NO CONGRESSO Enquanto empresários e governo trocavam promessas, na Câmara dos Deputados um texto importante e polêmico era aprovado. O projeto de lei em questão versa sobre a liberação da iniciativa privada para comprar vacinas para a imunização de empregados, desde que seja doada a mesma quantidade ao Sistema Único de Saúde (SUS). A proposta será enviada para análise do Senado. Segundo o texto, os empresários poderão comprar vacinas que ainda não tiveram aval da Agência de Vigilância Sanitária (Anvisa), desde que autorizadas por agências reconhecidas pela Organização Mundial de Saúde (OMS). Essa aquisição pode ser feita diretamente pelas empresas ou por meio de consórcio.

A medida autoriza que trabalhadores prestadores de serviço também sejam beneficiados com a vacinação, inclusive estagiários, autônomos e empregados de empresas de trabalho temporário ou de terceirizadas. O texto prevê que a vacinação dos empregados deve seguir os critérios de prioridade estabelecidos no Programa Nacional de Imunizações (PNI). A proposta foi uma resposta do Congresso à morosidade do plano de vacinação nacional, mas os próprios deputados entendem que essa liberação poderia aprofundar a desigualdade social, beneficiando as pessoas menos vulneráveis economicamente.
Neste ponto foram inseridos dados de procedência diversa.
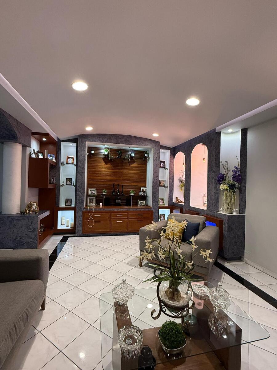 La recamara principal tiene vista a la terraza, closet vestidor y un baño completo. Las habitaciones estan ornamentadas con molduras de yeso y remates visuales. Los zoclos son de madera a juego con las carpinterías de la propiedad. En el tercer nivel de la propiedad se situa una quinta recamara secundaria, cuenta con baño completo totalmente privado. El área de lavado y lavadero semitechado. Cuenta con tanque estacionario, cisterna de 10 mil metros cúbicos con bomba sumergible.
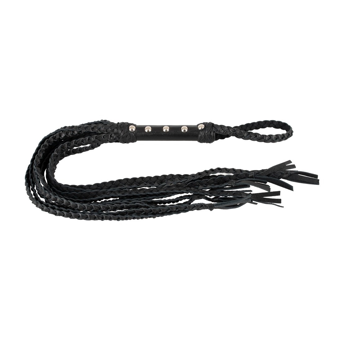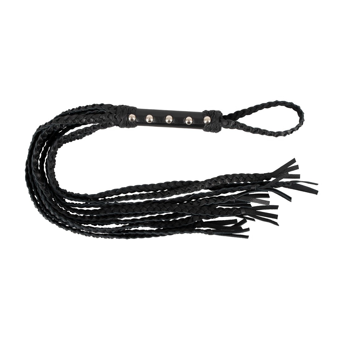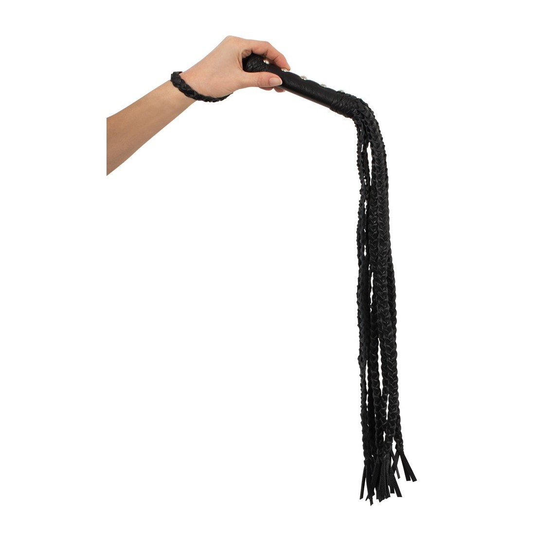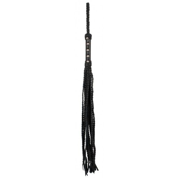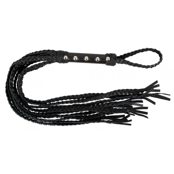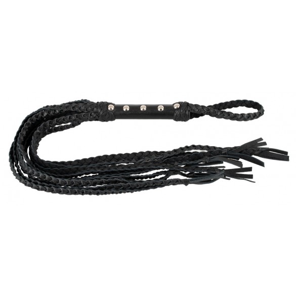Frusta con nove cinghie in pelle intrecciata per giochi di dominatore/devotatore un po' più duri. La frusta di alta qualità è completamente fatta di pelle morbida e sta bene e bilanciata nella mano con il suo manico tempestato di rivetti. All'estremità del manico con anello di tenuta/appeso.

O deputado Alexandre Padilha (PT-SP), ex-ministro da Saúde, afirmou que os empresários encontrarão barreiras para adquirir os imunizantes já que as produtoras de vacinas comercializam direto com os governos dos países. “Ouçam parlamentares, estão aprovando algo que vai permitir a importação de vacinas de baixa qualidade. As empresas sérias não vão vender o imunizante”, disse.

Mateus Bonomi

“O estado de calamidade pública seria apenas uma licença para gastar, um cheque em branco. ao invés de um sinal de estabilidade, seria o contrário” Paulo Guedes, Ministro da Economia.

Com a semana tomada pela discussão da compra da vacina, a decisão sobre o Orçamento segue uma incógnita, o que tem deixado o ministro da Economia, Paulo Guedes, de cabelo em pé. Segundo ele o texto aprovado na Câmara é inviável e precisará ser revista. “Alguns excessos que ocorreram precisam ser removidos. Tenho certeza de que não foi nada de má-fé [do Congresso]”, afirmou Guedes. “É natural de um time que não jogou junto ainda. É natural que a soma das partes exceda o que era possível fazer. É da política.” Sobre um eventual retorno do estado de calamidade, o ministro disse que seria apenas uma maquiagem. “O estado de calamidade pública seria apenas uma licença para gastar. Seria um cheque em branco”, disse, em live promovida pela XP Investimentos na segunda-feira (5). “Em vez de ser um sinal de estabilidade, seria o contrário.”